General information
- Type: Jet airliner Aerial refuelling tanker
- National origin: United States
- Manufacturer: Lockheed
- Status: Canceled
- Number built: 0

= Lockheed L-193 Constellation II =

Aircraft development

The Lockheed L-193 Constellation II was a jet airliner design concept, designed between 1949 and 1953 with a swept wing and engines mounted towards the tail. An airliner and tanker version were developed. The latter, in an aerial refueling competition initiated by the United States Air Force (USAF), won and was preferred over the Boeing KC-135 Stratotanker. Since the competing Boeing aircraft was ready to fly first, examples were ordered as an interim measure. They performed well enough that the L-193 was never ordered as a tanker, and airliner plans were dropped soon after.

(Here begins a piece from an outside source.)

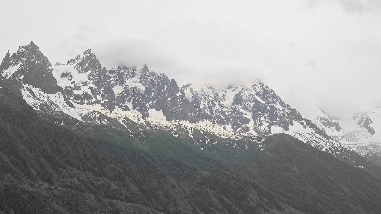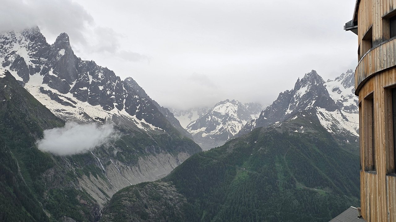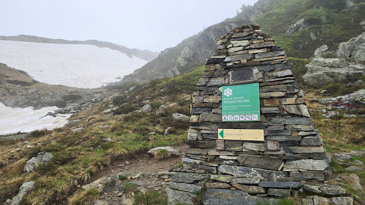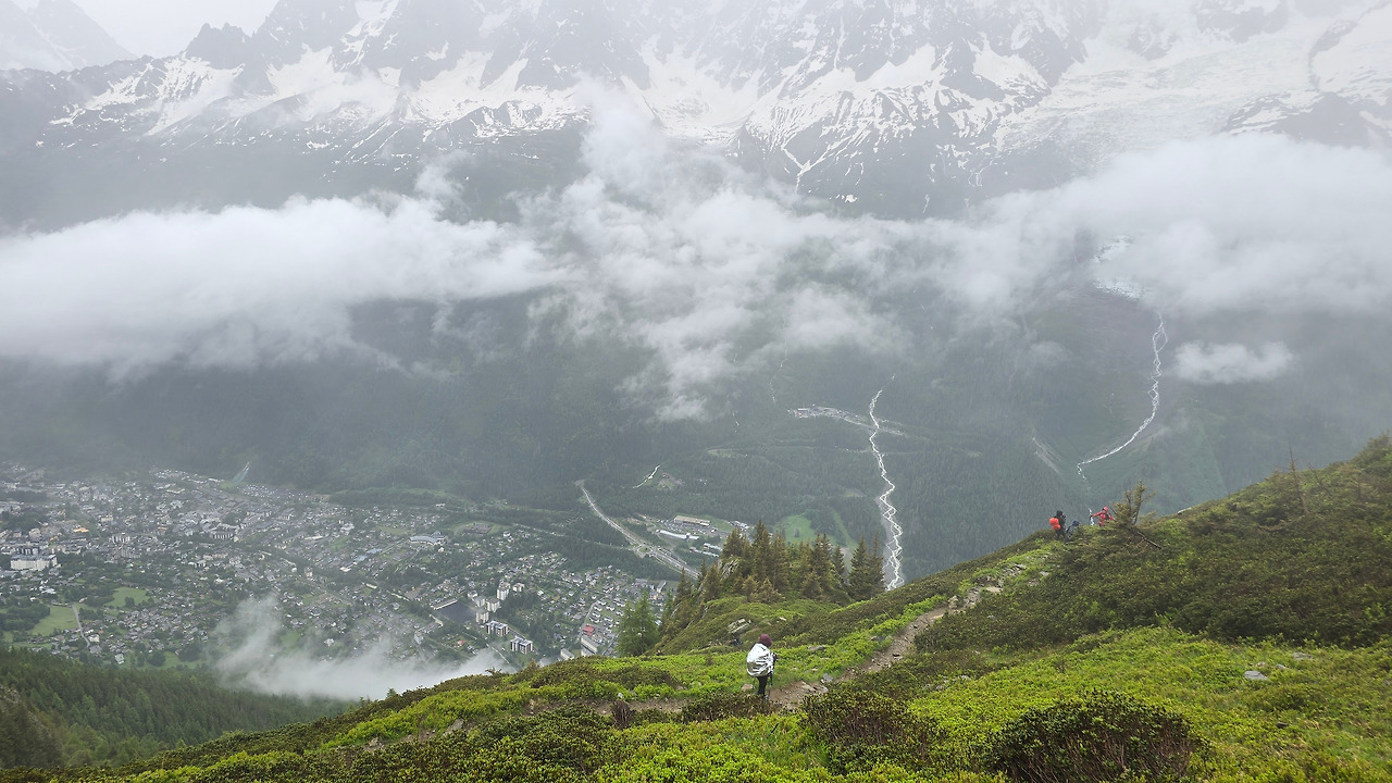가다 쉬다 가다 걷다 도착해 본 산장은 출입 불가. 공사 중인 것 같았다. 뭐 산장에서 맥주 생각이 애초 없었으니 그냥 내려가는데, 가다가 초목 지대를 거치는 것 같았다. 중간에 이정표도 나오고 나서, 여기저기 사방팔방으로 나있는 작은 등산로들이 보이기 시작했다. 이건 제대로 내려가고 있다는 방증이다. 가다 보니 비도 어느 정도 그친 것 같고, 군데군데 물안개인지 구름인지 밀려왔다 사라지는 사이로 에귀이 듀 미디와 몽블랑이 보였다 안 보였다 한다. 사람을 감질나게 만드는데, 이것이 더 기가 막히다. 볼만해서 사진 한 장 찍으려는 사이 구름인지 안개인지 시야를 가리고. 무슨 날씨와 숨바꼭질하는 것도 아니고.

== Design and development ==
The Lockheed L-193 jet was designed between 1949 and 1953. By comparison, Boeing started producing the prototype for the Boeing 707 after the design was completed in 1952. Lockheed sought input from Trans World Airlines for the airliner's requirements and several sub-variants were developed. It was a swept wing with the engines mounted towards the tail. The same arrangement was later used by the Lockheed JetStar (1957), Vickers VC-10 (1962), and Ilyushin Il-62 (1963). It was designed to be slightly smaller than the Boeing 707 and Douglas DC-8 of the time. Lockheed used features seen in its previous designs, including tip tanks similar to the Lockheed Constellation and a double-deck fuselage similar to the Lockheed Constitution. The engines were also flush mounted to the fuselage, a feature dropped from most current jet designs.

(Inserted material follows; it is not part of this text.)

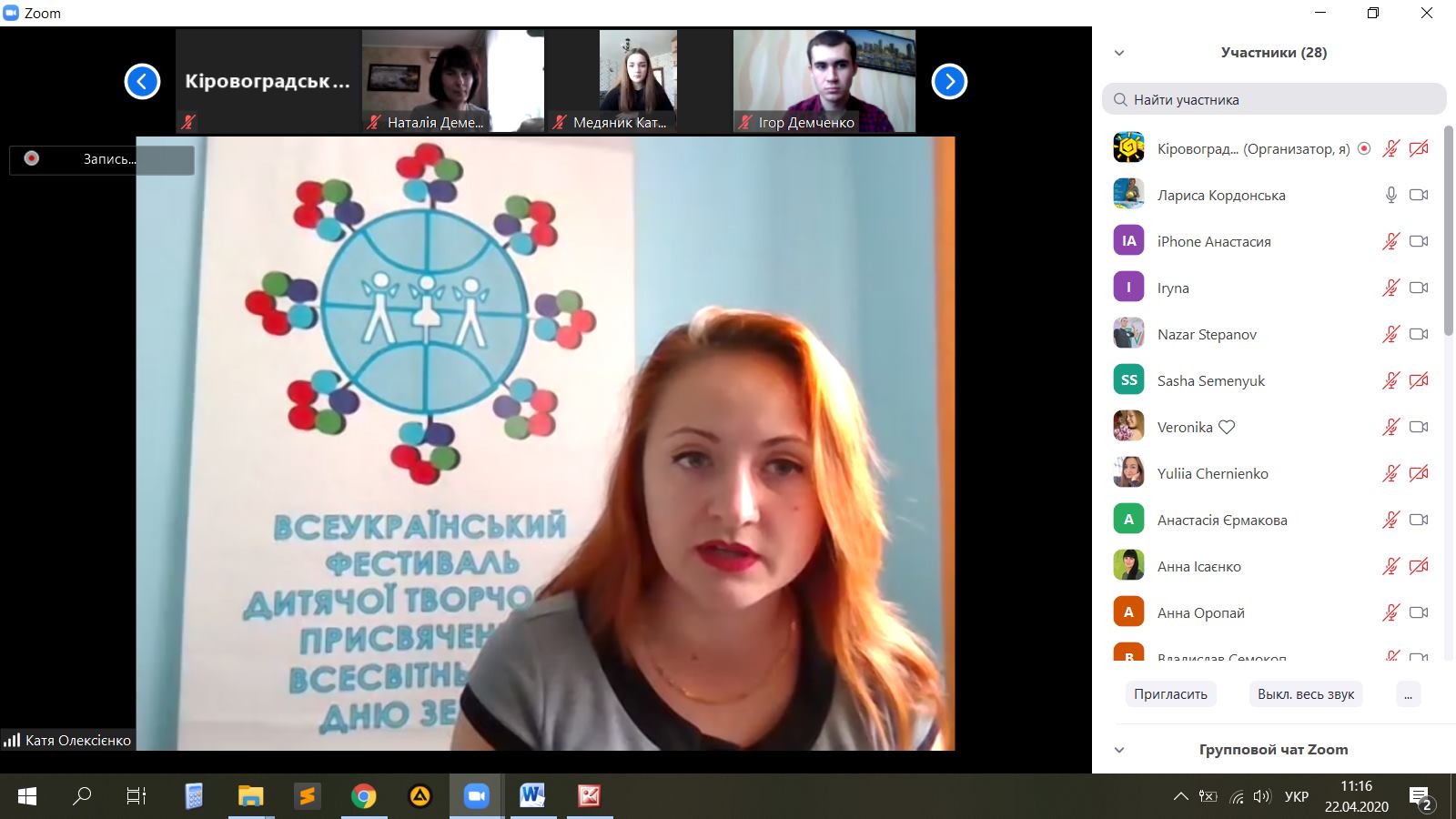 XXV Всеукраїнський відкритий фестиваль дитячої та юнацької творчості присвячений Всесвітньому Дню Землі, який проходив у форматі онлайн 21 – 24 квітня 2020 року у місті Кропивницькому, що на Кіровоградщині, відбувся.

In the wake of the Korean War, a competition was held in 1954 for a USAF aerial refueling tanker. A modified L-193 was chosen in 1955 to supplement the interim KC-135 tanker. The aircraft was designated "KCX-LO", and the first prototype would have been the XK-1. A prototype was ordered in February 1955. Air Force Secretary Harold E. Talbott ordered 250 KC-135 interim tankers while the selection winner was manufactured. The KC-135 was able to be delivered two years earlier than the Lockheed, and was able to be put into squadron service four years earlier. The orders for the Lockheed tanker were eventually dropped so the USAF would not have to support two separate tanker designs.

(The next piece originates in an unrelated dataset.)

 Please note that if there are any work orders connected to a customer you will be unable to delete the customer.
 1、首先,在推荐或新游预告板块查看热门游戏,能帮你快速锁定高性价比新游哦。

Lockheed never produced its jet airliner, instead producing the modestly-successful turboprop-powered Electra. Lockheed also produced the C-141 Starlifter jet cargo transport and an SST design, but did not produce a jet airliner until the L-1011 wide-body trijet. By contrast, Boeing had beat Lockheed by producing its prototype first, at its own expense, rather than waiting for the military contract, and would eventually dominate the market with a family of airliners based on the 707 and KC-135.